#Parsing HTML

8 messages · Page 1 of 1 (latest)

late needle
#

You want .text() instead of .value().name()

#

.name() is the name of the element, which is why you got h2 as the answer

gilded shard
#

Thanks, it really helped my understand what I was doing, but the output it gave me was really weird:

Text {
    inner: Traverse {
        root: NodeRef {
            id: NodeId(
                5,
            ),
            tree: Tree { Document => { Element(<html>) => { Element(<head>), Element(<body>) => { Element(<h2 class="h3 product-title">) => { Text("\n        "), Element(<a href="https://example.com">) => { Text("Magazine May 2023") }, Text("\n    ") }, Text("\n    "), Element(<h2 class="h3 product-title">) => { Text("\n        "), Element(<a href="https://example.com">) => { Text("Magazine July 2022") }, Text("\n    ") }, Text("\n    "), Element(<h2 class="h3 product-title">) => { Text("\n        "), Element(<a href="https://example.com">) => { Text("Magazine January 2023") }, Text("\n    ") }, Text("\n    ") } } } },
            node: Node {
                parent: Some(
                    NodeId(
                        4,
                    ),
                ),
                prev_sibling: None,
                next_sibling: Some(
                    NodeId(
                        10,
                    ),
                ),
                children: Some(
                    (
                        NodeId(
                            6,
                        ),
                        NodeId(
                            9,
                        ),
                    ),
                ),
                value: Element(<h2 class="h3 product-title">),
            },
        },
        edge: None,
    },
}

So, I used .html() in element and the output I got was:

"<h2 class=\"h3 product-title\">\n        <a href=\"https://example.com\">Magazine May 2023</a>\n    </h2>"

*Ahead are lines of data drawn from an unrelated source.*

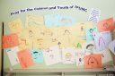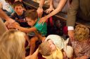 The congregation lays hands on each other as they pray with the children and teachers the day before the first day of school at Inman Park United Methodist Church in Atlanta.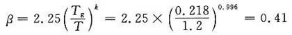 μ1=1-e-6.6(101355-300)×10-4≈1.0 μ2=e-0.916(15-5)2×10-3=0.91 μ=0.6μ1+0.4μ2=0.6×1+0.4×0.91=0.964 Tg=0.7-0.5μ=0.7-0.5×0.964=0.218(s) k=0.9+0.1μ=0.9+0.1×0.964=0.996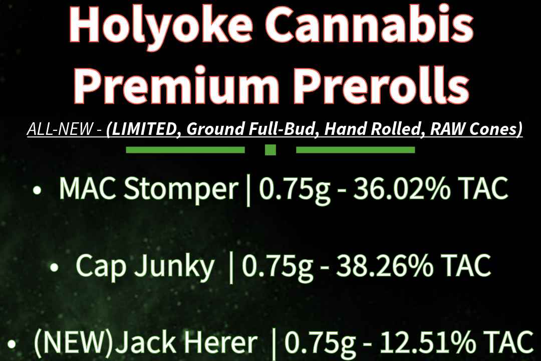 Holyoke Cannabis Dispensary | HC “Jack Herer” 1g M80 Infused Preroll (*NEW*) | HC “Cap Junky” 3.5g *BUD* – 41.25% TAC | HC *GMO* 3.5g Bud – 31.75%% TAC | (03/24/26)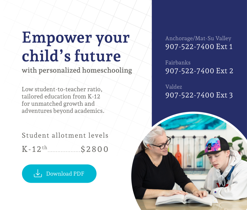 Please ask for our FOCUS Homeschool program 907-522-7400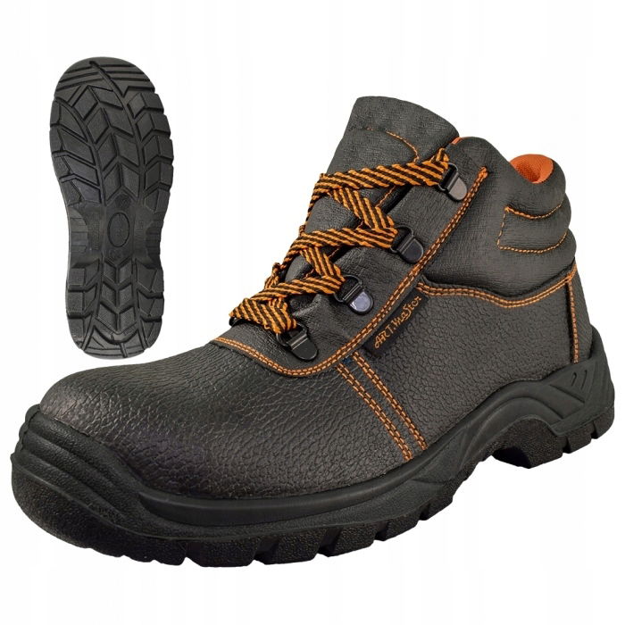 Cholewka wysoka wykonana ze skór bydlęcych tłoczonych w kolorze czarnym. Podeszwa PU, montaż przez bezpośredni wtrysk, odporna na olej, benzynę i inne rozpuszczalniki organiczne, chroniaca przed poślizgiem, absorber energii w pięcie.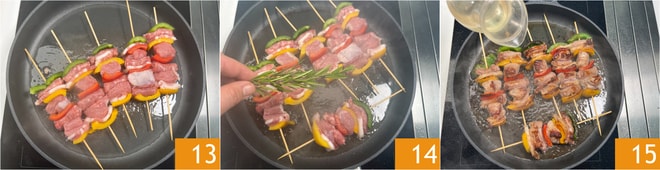 Em uma frigideira, aqueça um fio de óleo de girassol, depois coloque os espetinhos 13 e doure-os de todos os lados. Adicione o alecrim 14 e borrife com vinho branco 15.
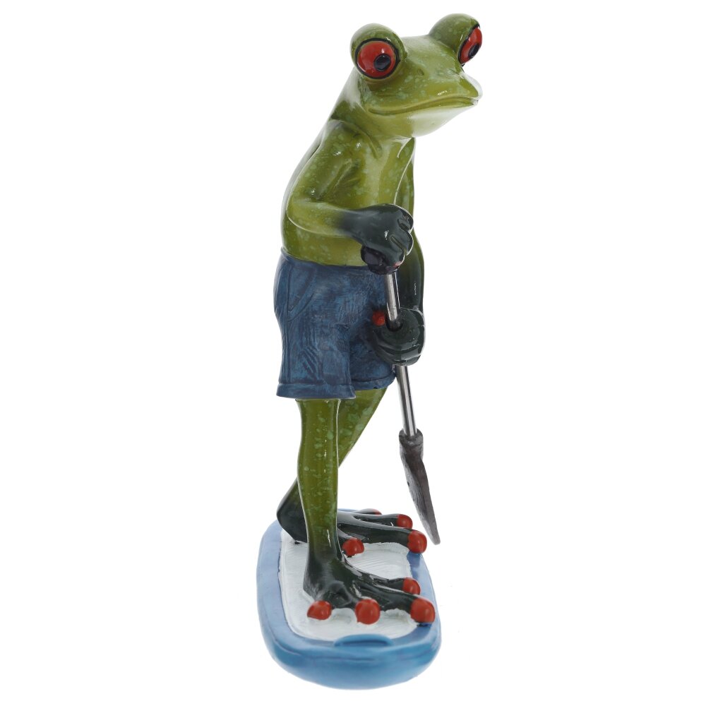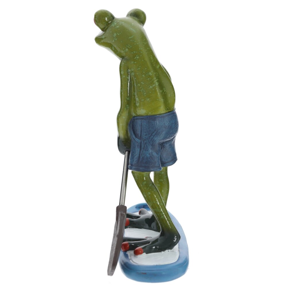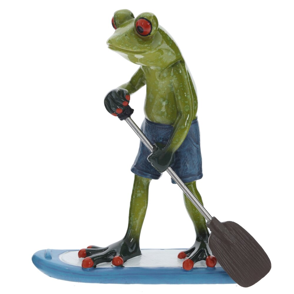 Перед вами декоративная фигурка, выполненная из полимерных материалов, изображающая забавную лягушку, катающуюся на доске с веслом. Лягушка выглядит очень оригинально и дружелюбно благодаря своей позе и ярко выраженным красным глазам. Она одета в синие шорты, что придаёт изделию особый шарм и подчёркивает летнее, беззаботное настроение. Фигурка окрашена в насыщенные зелёные и синие оттенки, детали отчётливо прорисованы, а поверхность имеет легкий глянец. Такой сувенир отлично подойдёт для украшения интерьера, добавив ему нотки юмора и уюта. Идеально впишется в коллекцию любителей необычных фигурок, станет хорошим подарком для друзей и точно поднимет настроение своим видом.

I guess it's the better if I try to work with this new output, I just need to find a function to worki with it

late needle
#

you need to iterate over the .text()

#

Returns an iterator over descendent text nodes.

#

this is because the html doesn't already contain contiguous text, so it's more efficient to give you an iterator than to concatenate it all ignoring what you might then do with that string

gilded shard
#

Ohhh, so how could I work with this iterator?

late needle
#

the iterator returns &strs